"""

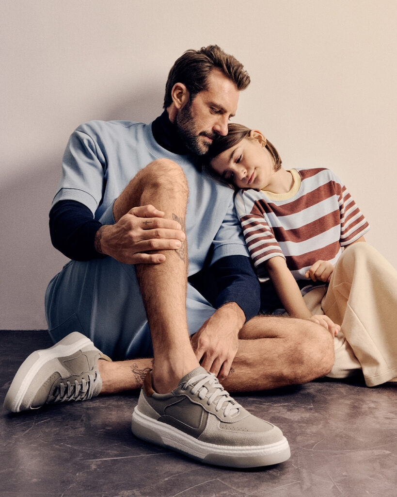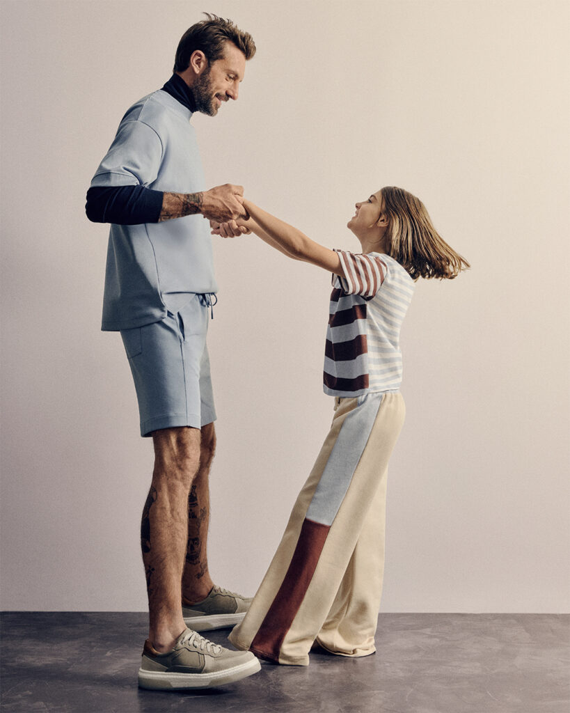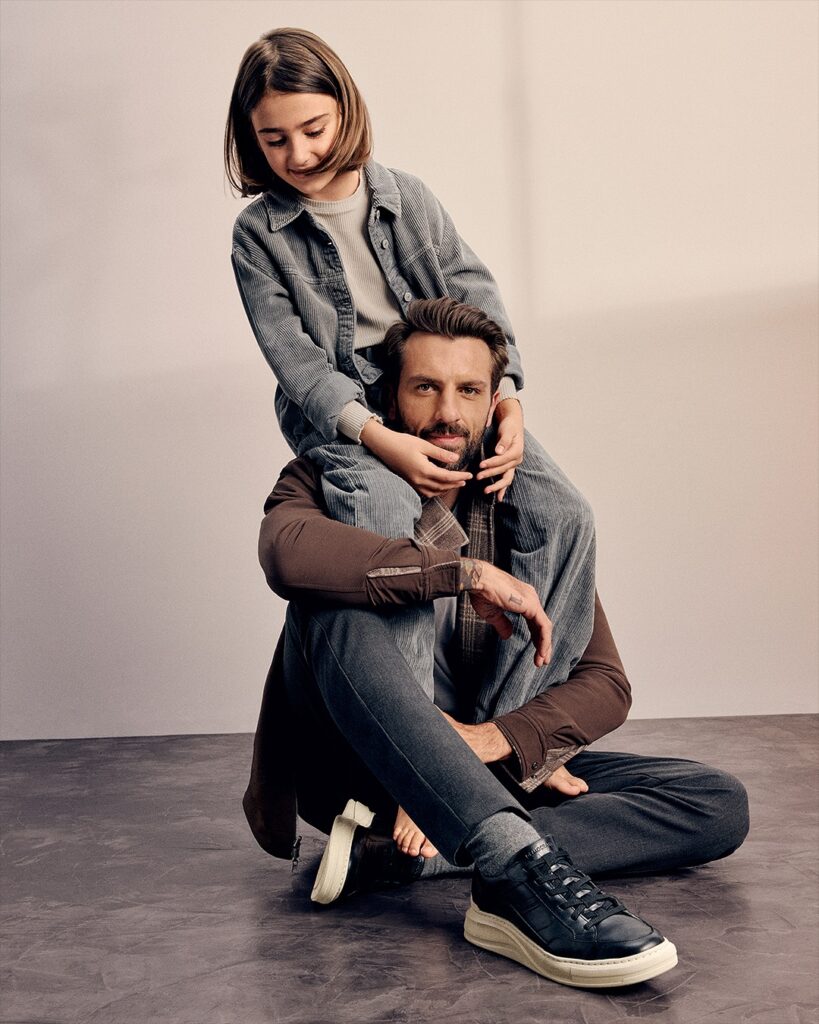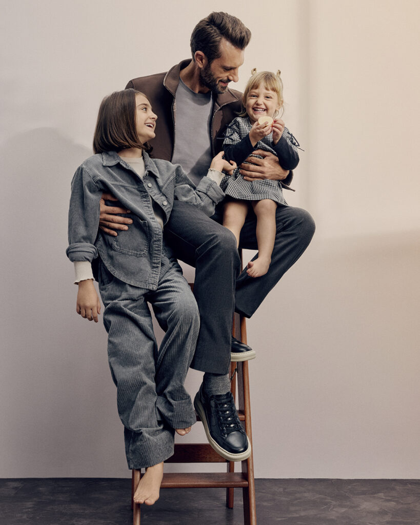 Rafael Lazzini e suas filhas Lis e Maia, em fotos de Jorge Ewald (Group Art), vídeo de Felipe Terra (mbgs.cc), direção criativa de Estúdio no.302, styling de Karine Vilas Boas (Ivy Faria), beleza de Helder Rodrigues (Capa MGT) e produção executiva de Due Produções, na campanha de Dia dos Pais 2025 da grife Democrata.
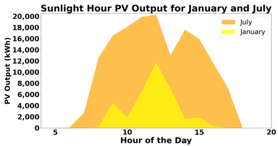 Figure 1 provides a visual representation of how PV output varies across different months. In January, which typically yields the lowest output, the available hours for PV energy production are reduced compared to July, the month with the highest energy output. Additionally, the peak outputs exhibit considerable variation across different times of the year. The Figure demonstrates that the fitted distribution generated outputs mimic the impact of environmental conditions on PV energy production present at different times of the year.
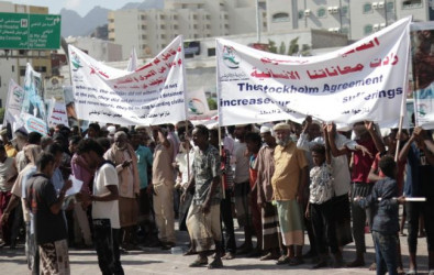 نظم عشرات المواطنين من أبناء محافظة الحديدة اليوم الأحد وقفة احتجاجية أمام مبنى الأمم المتحدة في العاصمة المؤقتة عدن لتنديد بالجرائم والانتهاكات التي تمارسها مليشيا الحوثي بحق
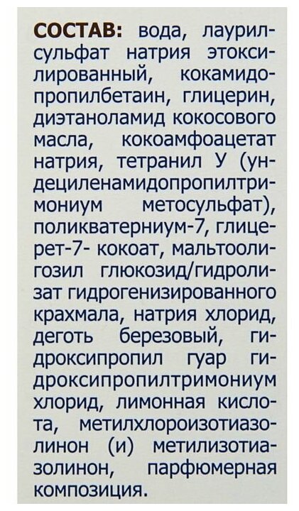 Состав: вода, лаурилсульфат натрия этоксилированный, кокамидопропилбетаин, глицерин, диэтаноламид кокосового масла, кокоамфоацетат натрия, тетранил У (ундециленамидопропилтримониум метосульфат), поликватерниум-7, глицерет-7- кокоат, мальтоолигозил глюкозид/гидролизат гидрогенизированного крахмала, натрия хлорид, деготь березовый, гидроксипропил гуар гидроксипропилтримониум хлорид, лимонная кислота, метилхлороизотиазолинон (и) метилизотиазолинон, парфюмерная композиция.
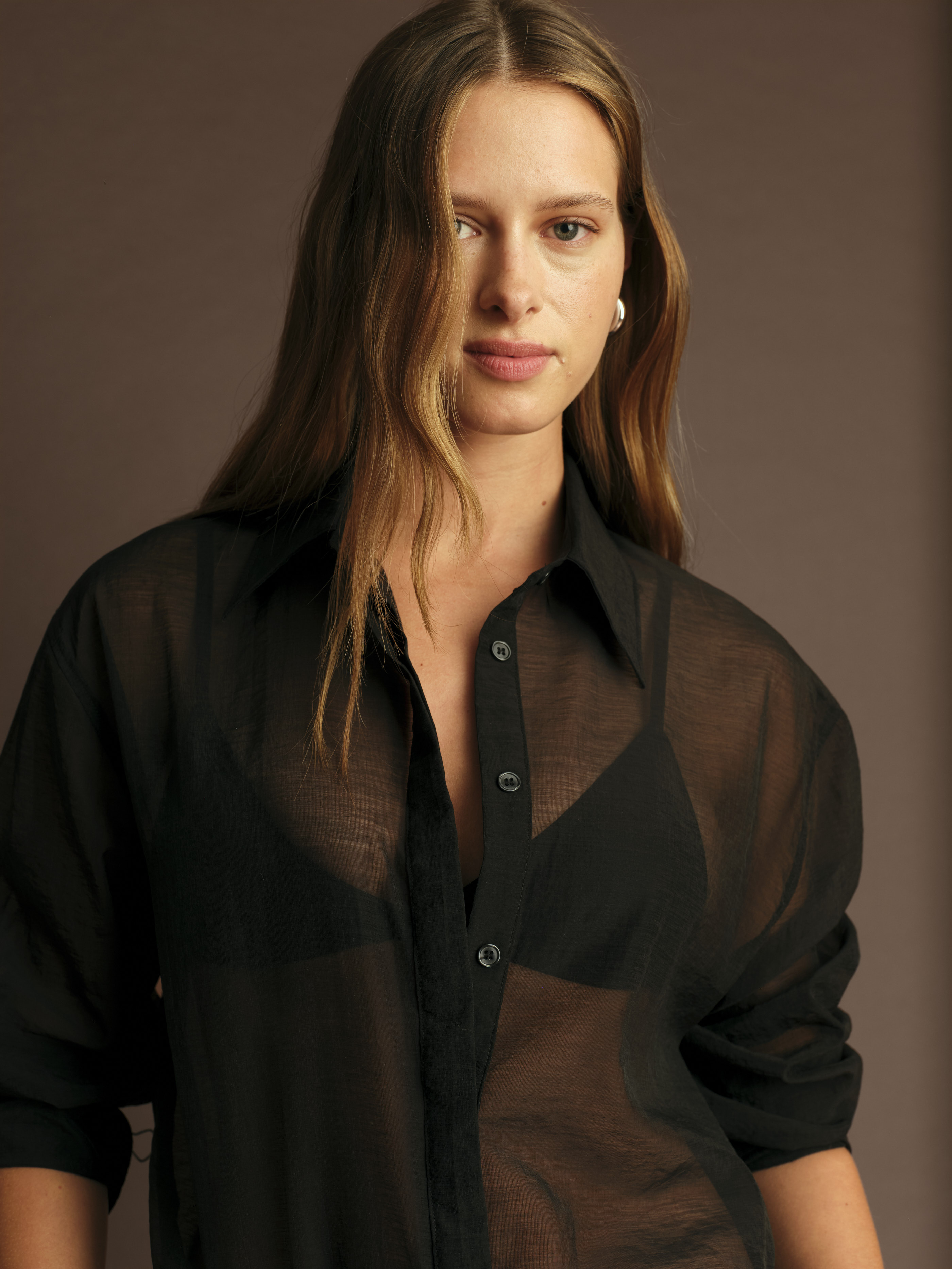 Add a touch of flirtatious elegance to your wardrobe with the Hugh Sheer Blouse. This classic button-down features a delicate sheer fabric that playfully reveals just enough, making it perfect for layering or wearing solo on a sunny day. Its timeless style pairs effortlessly with jeans or skirts, bringing a fresh twist to your everyday look.

"""

### Problem
Your task is to reproduce all of the material exactly. The pictures stay out.

### Answer to this problem
 Rafael Lazzini e suas filhas Lis e Maia, em fotos de Jorge Ewald (Group Art), vídeo de Felipe Terra (mbgs.cc), direção criativa de Estúdio no.302, styling de Karine Vilas Boas (Ivy Faria), beleza de Helder Rodrigues (Capa MGT) e produção executiva de Due Produções, na campanha de Dia dos Pais 2025 da grife Democrata.
 Figure 1 provides a visual representation of how PV output varies across different months. In January, which typically yields the lowest output, the available hours for PV energy production are reduced compared to July, the month with the highest energy output. Additionally, the peak outputs exhibit considerable variation across different times of the year. The Figure demonstrates that the fitted distribution generated outputs mimic the impact of environmental conditions on PV energy production present at different times of the year.
 نظم عشرات المواطنين من أبناء محافظة الحديدة اليوم الأحد وقفة احتجاجية أمام مبنى الأمم المتحدة في العاصمة المؤقتة عدن لتنديد بالجرائم والانتهاكات التي تمارسها مليشيا الحوثي بحق
 Состав: вода, лаурилсульфат натрия этоксилированный, кокамидопропилбетаин, глицерин, диэтаноламид кокосового масла, кокоамфоацетат натрия, тетранил У (ундециленамидопропилтримониум метосульфат), поликватерниум-7, глицерет-7- кокоат, мальтоолигозил глюкозид/гидролизат гидрогенизированного крахмала, натрия хлорид, деготь березовый, гидроксипропил гуар гидроксипропилтримониум хлорид, лимонная кислота, метилхлороизотиазолинон (и) метилизотиазолинон, парфюмерная композиция.
 Add a touch of flirtatious elegance to your wardrobe with the Hugh Sheer Blouse. This classic button-down features a delicate sheer fabric that playfully reveals just enough, making it perfect for layering or wearing solo on a sunny day. Its timeless style pairs effortlessly with jeans or skirts, bringing a fresh twist to your everyday look.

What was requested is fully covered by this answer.